= Hercules Collins =

English Baptist minister and author

Hercules Collins (1647 – 1702) was an English Particular Baptist minister and a prolific author. He was the third minister of London’s oldest Calvinistic Baptist church and is best known for his 1680 revision of the Heidelberg Catechism called An Orthodox Catechism.

==Life==
Collins had little formal education, but it is recorded that he "began to be religious at an early age." An autodidact, he read multiple substantial theological works, and equipped ministerial candidates and "gifted brothers" in his church with small theological libraries. He served as pastor to the Particular Baptist congregation at Wapping for approximately twenty-five years, and was imprisoned in the infamous Newgate Prison (1683-1684). He died on 4 October 1702, and his funeral sermon, by the Rev. John Piggott, was printed in the following year.

==Works==
His published material begins with An Orthodox Catechism (1680), an edited version of the 16th century Heidelberg Catechism. Collins revised the section on baptism, as well as making a number of stylistic changes; he also defends the practice of the laying on of hands upon the newly baptized. Collins added the text of the Nicene Creed and Athanasian Creed to An Orthodox Catechism in an attempt to demonstrate Particular Baptist orthodoxy and defend their churches from false charges of anabaptistic heresies. In the “Appendix on Singing,” he argues for the biblical duty of congregational singing.

Over the next twenty-two years Collins produced eleven more works, mainly on issues of separation from the Church of England, and believer's baptism versus infant baptism. Other works come from his time in Newgate Prison during 1684. One of these was Counsel for the Living Occasioned from the Dead and was written on the death of two of his fellow prisoners; it contains pastoral instruction to those who were likewise experiencing persecution. The other, A Voice from Prison, was alternatively titled: Meditations on Revelation 3:11 Tending to the Establishment of God’s Little Flock, in An Hour of Temptation.
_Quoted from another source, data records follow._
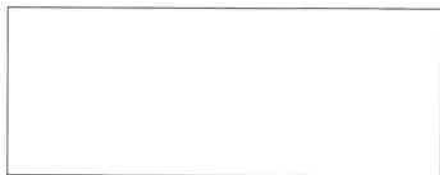
Pieczęć firmowa Wykonawcy
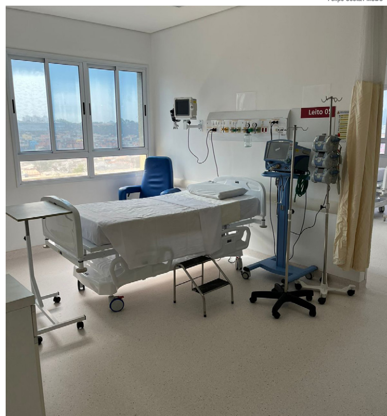
Mais 20 leitos da UTI foram revitalizados

Com investimento de aproximadamente R$ 4 milhões, a obra foi planejada para renovar toda a estrutura do 3º, 6º e 8º andares. Dentre as melhorias implantadas estão a troca completa de todo o piso e contrapiso, instalação de nova manta vinílica e revestimentos.
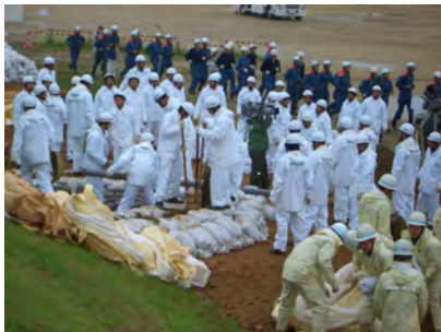
北名古屋市消防団

Collins was also well-known for his “Mountains of Brass,” a lecture on the decrees of God.

His final work was The Temple Repair'd (1702). It includes instruction on preparing and preaching sermons for those in the ministry, and treats the doctrine of the “gifted brother” throughout. The Temple Repair'd contains Collins's only extant sermon.

Collins also wrote the following works, some of which occasioned a good deal of controversy:
- An Orthodox Catechism, being the sum of Christian Religion contained in the Law and Gospel, London, 1680, 12mo.
- A Voice from the Prison, or Meditations on Revelations, London, 1684, 4to.
- Believers' Baptism from Heaven, and of Divine Institution Infants' Baptism from Earth, and Human Invention, London, 1691, 8vo., revised and republished by John Bailey, London, 1803, 8vo.
- The Antidote proved a Counterfeit, or Error detected, and Believers' Baptism vindicated, containing an answer to "An Antidote to prevent the Prevalency of Anabaptism," London, 1693, 4to.
- Three books, viz. I. The Scribe instructed unto the Kingdom of Heaven. II. Mountains of Brass, or a Discourse upon the Decrees of God. III. A poem on the Birth, Life, Death, Resurrection, and Ascension of Jesus Christ. 3 parts, London, 1696, 12mo.

Collins additionally was an endorser of The Gospel Minister's Maintenance Vindicated (London, 1689); and following the tragic case of John Child's suicide, contributed extensively to (and likely edited) an account of Child's final days entitled The English Spira (London, 1693).

His collected Works are presently being edited by Mark Smith and Reagan Marsh for Hesed & Emet Publishers (H&E) under the oversight of Dr. Michael A. G. Haykin. Smith maintains a website (http://www.vor.org/rbdisk/other.htm) featuring transcriptions of Collins’s Works. Marsh, founding pastor-teacher of Reformation Baptist Church in Dalton, GA, has also recently written a thesis on Collins's pastoral theology under Dr. Thomas J. Nettles.

The definitive work on Hercules Collins to date is the dissertation (SBTS, 2013) by Dr. G. Stephen Weaver. His Orthodox, Puritan, Baptist: Hercules Collins (1647-1702) and Particular Baptist Identity in Early Modern England was published by Vandenhoeck & Ruprecht in 2015. Weaver has contributed chapters on Collins's thought to several books, and produced several journal articles on Collins as well.